Xian Janssen Blazes Way to Digitization in China With Johnson & Johnson's Pioneer Public E-Hospital Strategic Partnership
Zhang Yushuo
DATE:  Sep 30 2020
/ SOURCE:  Yicai

(Yicai Global) Sept. 30 -- Based in China for 35 years, Xian Janssen Pharmaceutical Ltd. recently agreed to set up a new e-hospital model in the country, a pioneer E-hospital strategic partnership for its US parent Johnson & Johnson across the world.

Xian Janssen signed a memorandum of understanding on the e-hospital with the First Affiliated Hospital of Xi'an Jiaotong University in Shaanxi province, northwestern China, on Sept. 24. The Beijing-based company also plans to offer more digitized healthcare solutions and help serve China's ballooning healthcare needs.

"China is the most advanced country in the world when it comes to the digitization of healthcare infrastructure," Asgar Rangoonwala, president of Xian Janssen told Yicai Global, "That China is going to dramatically evolve digital healthcare infrastructure is a clear future realization.

"A leading pharmaceutical company like us with our mother company Johnson & Johnson, which is the largest and most broadly based healthcare company in the world, must be involved in this endeavor," he said.

The agreement between Xian Janssen and the First Affiliated Hospital of Xi'an Jiaotong University is the first of its kind between a global pharmaceutical company and a public general hospital in China. Before that most typical e-hospitals were built between internet firms and hospitals.

The tie-up will offer virtual support for patients who first received treatment at the brick-and-mortar medical facility before seeking follow-up care. Services will initially begin with patients suffering from multiple myeloma and other cancers, immunological disease and pulmonary arterial hypertension.

"Healthcare and treatment is more complicated than just taking a pill," Rangoonwala noted. "It is more about disease education, about disease management support and also about emergency support."
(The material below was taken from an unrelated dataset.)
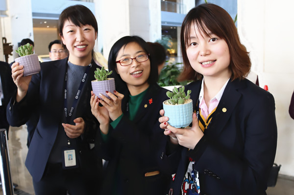 活動當天,通威國際中心提前為入駐企業的女神們準備了500盆精美可愛的多肉植物,并于中午12點在大廈大廳內統一由客服工作人員親手送到廣大女神手中。“通威國際物業服務中心祝各位‘女神’們節日快樂!”值得一提的是,與往年不同,今年通威國際中心通過前期針對廣大女性朋友喜好的了解,選擇了大多數女性朋友都喜愛的多肉植物。廣大“女神”們收到精心準備的禮物和祝福后驚喜不已,紛紛感謝物業為其準備的精美禮物和優質服務,整棟大樓沉浸在歡樂溫馨的節日氣氛之中。

Patients with pulmonary arterial hypertension serve as an illustrative example. The long-term symptoms of hypoxia -- a condition in which the body lacks adequate oxygen at the tissue level -- have already sufficiently complicated matters for patients needing to go to medical institutions for treatment and follow-up checks.

Improving Patient Health

One big issue in China is that many patients do not return to the hospital after their first or second treatment month, and Xian Janssen has seen a dramatic increase in treatment outcomes sometimes simply because patients stick to their treatments, Rangoonwala said.

"For a country like China, in terms of its geographic size and population, using the internet is the only way to provide better healthcare solutions, and hopefully we do something not only for China thereby, but also for the world in future," he said.

As a firm committed to China for the past 35 years, Xian Janssen is all set to share its expertise in digitized healthcare and disease management programs in the e-hospital new model.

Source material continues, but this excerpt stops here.